Nothing
#' Rcpp Bindings for the Corpus Workbench (CWB).
#'
#' @description
#' The \code{RcppCWB} package is a wrapper library to expose core functions of
#' the \code{Open Corpus Workbench} (CWB). This includes the low-level
#' functionality of the \code{Corpus Library} (CL) as well as capacities to use
#' the query syntax of the \code{Corpus Query Processor} (CQP).
#'
#' @section The Idea Behind RcppCWB:
#'
#' The \code{Open Corpus Workbench} (CWB) is an indexing and querying engine
#' popular in corpus-assisted research. Its core aim is to support working
#' efficiently with large, structurally and linguistically annotated corpora.

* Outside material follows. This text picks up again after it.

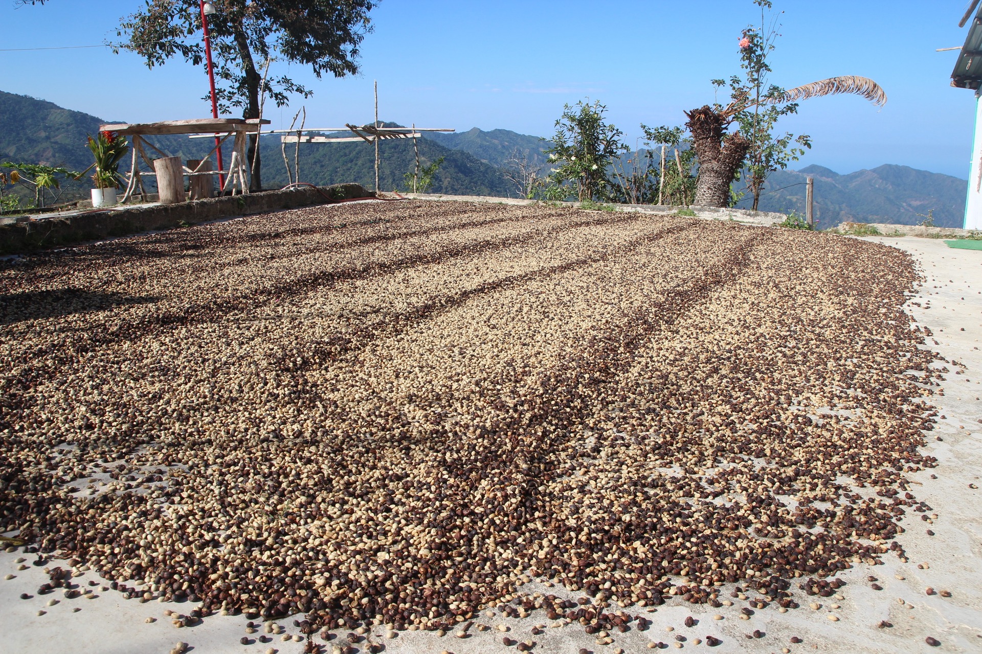 Sušící se káva na farmě La Candelaria, Minca, Kolumbie

#' First of all, the CWB includes tools to index and compress corpora. Second,
#' the \code{Corpus Library} (CL) offers low-level functionality to retrieve
#' information from CWB indexed corpora. Third, the \code{Corpus Query
#' Processor} (CQP) offers a syntax that allows to perform anything from
#' simple to complex queries, using different annotation layers of corpora.
#'
#' The CWB is a classical tool which has inspired a set of developments. A
#' persisting advantage of the CWB is its mature, open source code base that
#' is actively maintained by a community of developers. It is used as a robust
#' and efficient backend for widely used tools such as
#' TXM(\url{https://txm.gitpages.huma-num.fr/textometrie/}) or CQPweb
#' (\url{https://cwb.sourceforge.io/cqpweb.php}). Its uncompromising C
#' implementation guarantees speed and makes it well suited to be integrated
#' with R at the same time.
#'
#' The package \code{RcppCWB} is a follow-up on the \code{rcqp} package that
#' has pioneered to expose CWB functionality from within R. Indeed, the
#' \code{rcqp} package, published at CRAN in 2015, offers robust access to CWB
#' functionality. However, the "pure C" implementation of the \code{rcqp}
#' package creates difficulties to make the package portable to Windows. The
#' primary purpose of the \code{RcppCWB} package is to reimplement a wrapper
#' library for the CWB using a design that makes it easier to achieve
#' cross-platform portability.
#'
#' Even though \code{RcppCWB} functions may be used directly, the package is
#' designed to serve as an interface to CWB indexed corpora in packages with
#' higher-level functionality. In this regard, \code{RcppCWB} is the backend
#' of the \code{polmineR} package. It is deliberately open to be used in other
#' contexts. The package may stimulate using linguistically annotated, indexed
#' and compressed corpora on all platforms. The paradigm of working with text
#' as linguistic data may benefit from \code{RcppCWB}.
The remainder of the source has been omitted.